The only flashlight in my arsenal that does not get used a lot because it might get scratched up if I do is my CPF Orb.


----------



## Kiessling (Jun 29, 2005)

Thanx Jan /ubbthreads/images/graemlins/blush.gif
bernie


----------



## diggdug13 (Jul 1, 2005)

hmmm shelf queens..

My wife took my camera on vacation so I had to take these with my mobile phone. 

*I took my cpf orb #008 out for some sunlight.*





*My Superflashlight I proto #13*





*My TnC Lithium Lux-V #5/10*





they are just too pretty to use but I admire the heck outta them /ubbthreads/images/graemlins/blush.gif

Doug


----------



## Gander_Man (Jul 1, 2005)

Bernie,
No disrespect intended, just trying to save you from the inevitable frustration and shame *L*- 

There's no way anyone who buys as cool of lights as you do is going to last carrying any of those works of art everyday. Within days they'll be back glistening on the shelf where they belong, and 10 years from now you'll be thankfull that you're that mentally ill *L*.

Admit it... the only reason you spent all that time and money going to school to become a Physician was so you wouls have enough money to be able to buy a few lights you don't mind EDC'ing so you can KEEP your best ones works of art.

Empathizing, *S*,
- Russ


----------



## Kiessling (Jul 2, 2005)

Hey Russ ... unfortunately a physician in Germany won't earn enough to do as you suggest, at least not nowadays. 
But you might be right ... and they will eventuyll end up as permanent Shelf Queens anyway.

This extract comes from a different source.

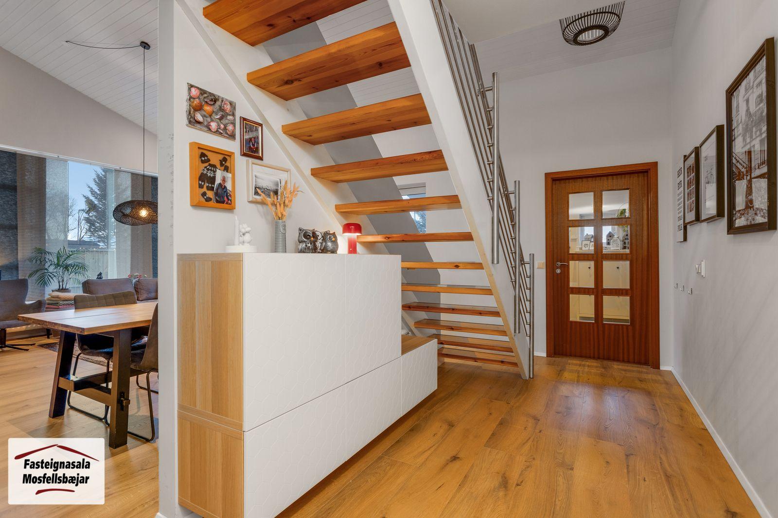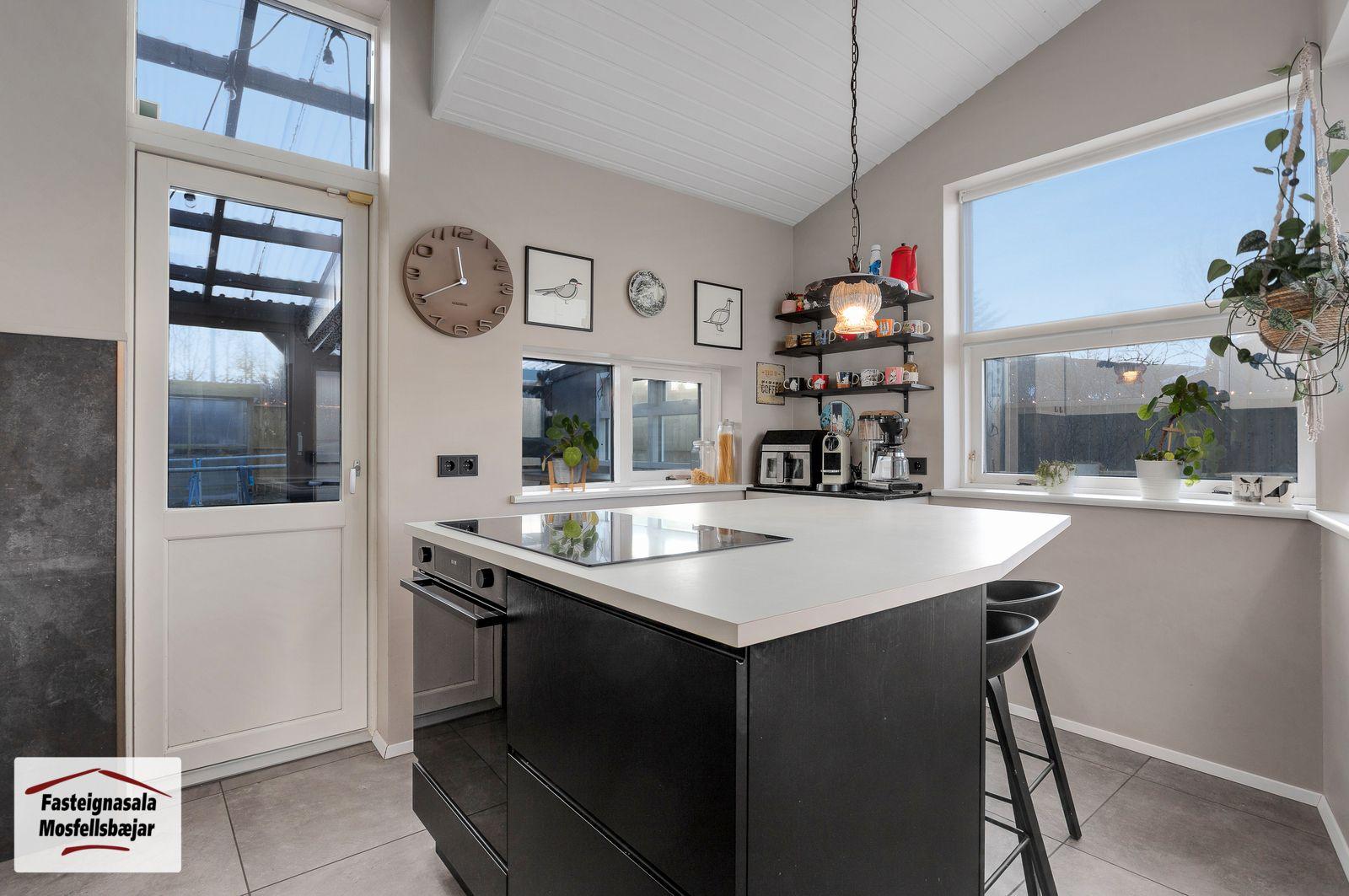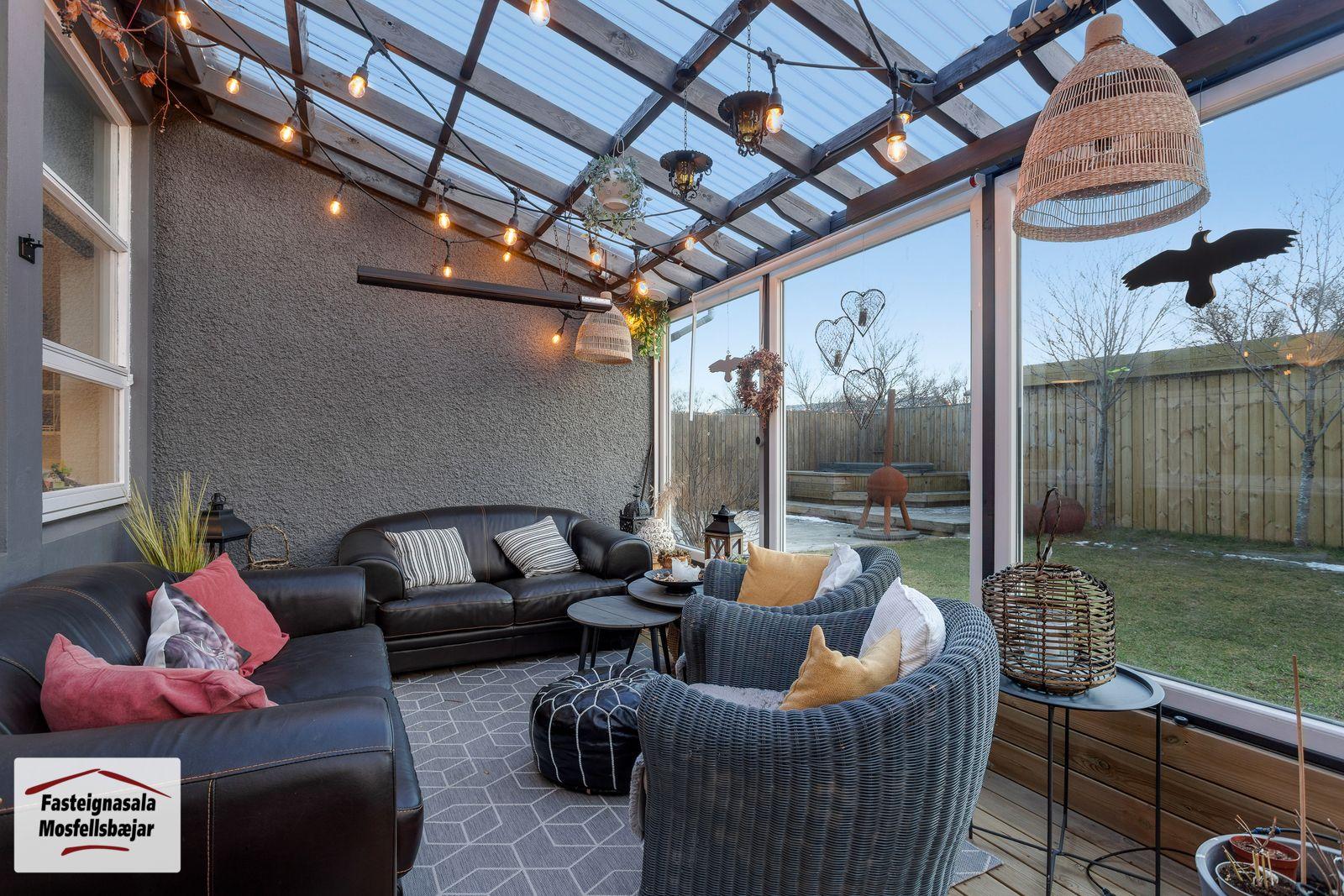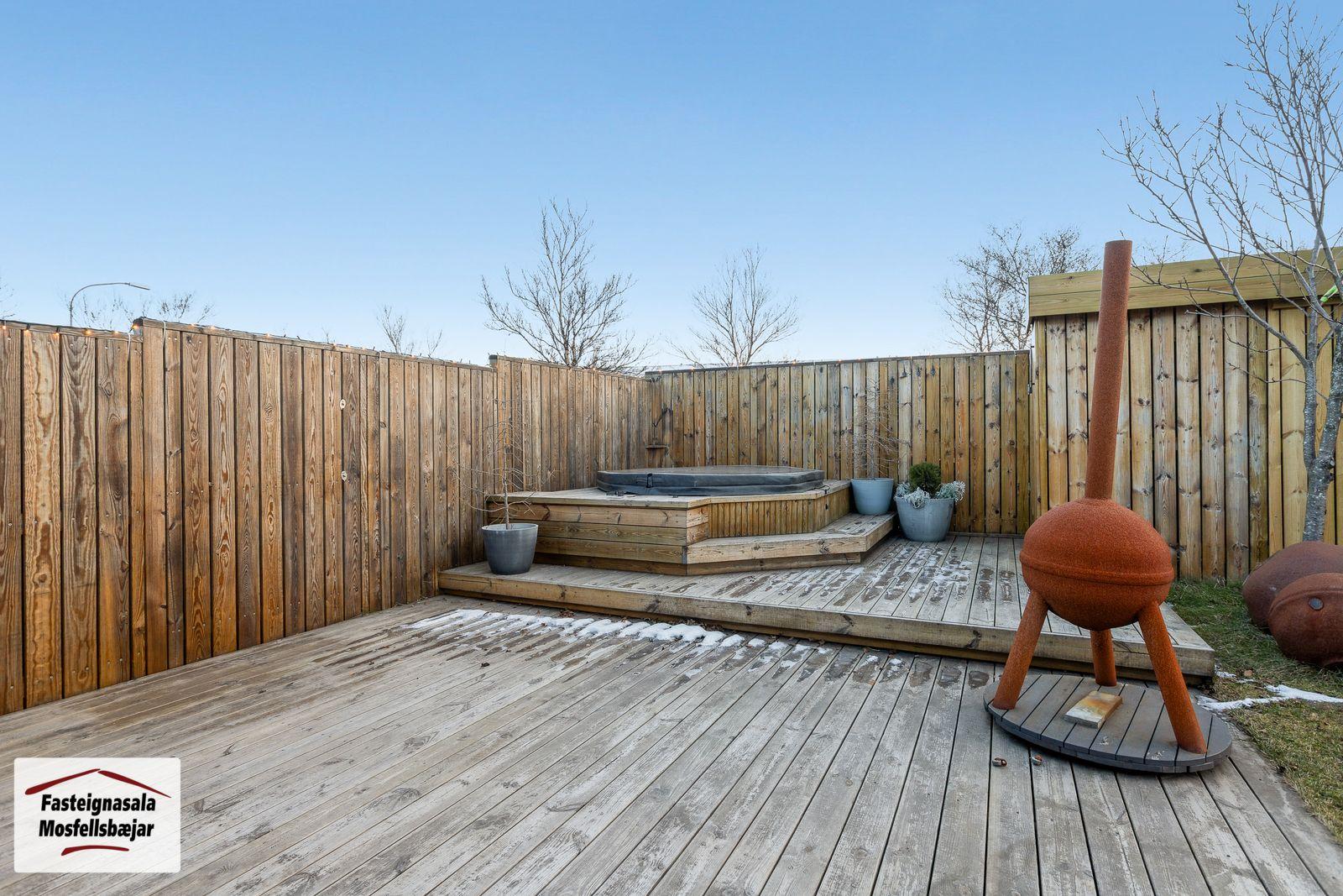 ** Hafðu samband og bókaðu skoðun - Svanþór Einarsson, löggiltur fasteignasali - svanthor@fastmos.is eða 698-8555 - Theodór Emil Karlsson, löggiltur fasteignasali - teddi@fastmos.is eða 690-8040 - Steingrímur Benediktsson, löggiltur fasteignasali - steingrimur@fastmos.is eða 862-9416 **Fasteignasala Mosfellsbæjar kynnir: Fallegt og vel skipulagt 179,6 m2 endaraðhús með innbyggðum bílskúr Spóahöfða 2 í Mosfellsbæ. Eignin skiptist í eldhús, stofu/borðstofu, gang, 4-5 svefnherbergi, rúmgott risloft/sjónvarpstofu, baðherbergi, forstofu, þvottahús og bílskúr með geymslulofti. Eignin er skráð 179,6 m2, þar af raðhús 150,0 m2 (þar af milliloft 19,1 m2) og bílskúr 29,6 m2. Milliloftið er mun stærra en skráðir fermetrar þar sem það er að hluta undir súð og auk þess búið að gera herbergi inn af því. Í bakgarði er garðskáli og timburverönd í suðausturátt með heitum potti, úti sturtu. Einnig er þar góð geymsla og lítið gróðurhús. Fyrir framan hús er önnur timburverönd og hellulagt bílaplan með snjóbræðslu og hleðslustöð sem fylgir. Vinsæl staðsetning, stutt í golfvöll, Lágafellskóla, leikskólann Hulduberg og Lágafellslaug. Samkvæmt upplýsingum frá seljanda hefur verið farið í framkvæmdir og endurbætur á eigninni á síðustu árum:Árið 2019-2020 var útbúin garðstofa, timburverönd með heitum potti og útisturta

BTW ... you should have some of those to show-off, too /ubbthreads/images/graemlins/grin.gif /ubbthreads/images/graemlins/grin.gif ... on with the pics! /ubbthreads/images/graemlins/smile.gif

bernie


----------



## arewethereyetdad (Jul 2, 2005)

[ QUOTE ]
*diggdug13 said:*
hmmm shelf queens..

My wife took my camera on vacation so I had to take these with my mobile phone. 

[/ QUOTE ]

Damn, Doug, those are some unbelievable pictures with a *mobile phone!* What, are they putting Nikons inside phones nowadays? /ubbthreads/images/graemlins/wink.gif


----------



## diggdug13 (Jul 2, 2005)

it's a Sony S700i with a 1.3 meg camera. /ubbthreads/images/graemlins/wink.gif

sometimes its nice to have a camera with a phone attached..

doug


----------



## paulr (Jul 2, 2005)

I don't carry my McLux TK in terms of EDC or anything like that, but I do use it around the house all the time. My USL when it arrives will probably be a shelf queen.


----------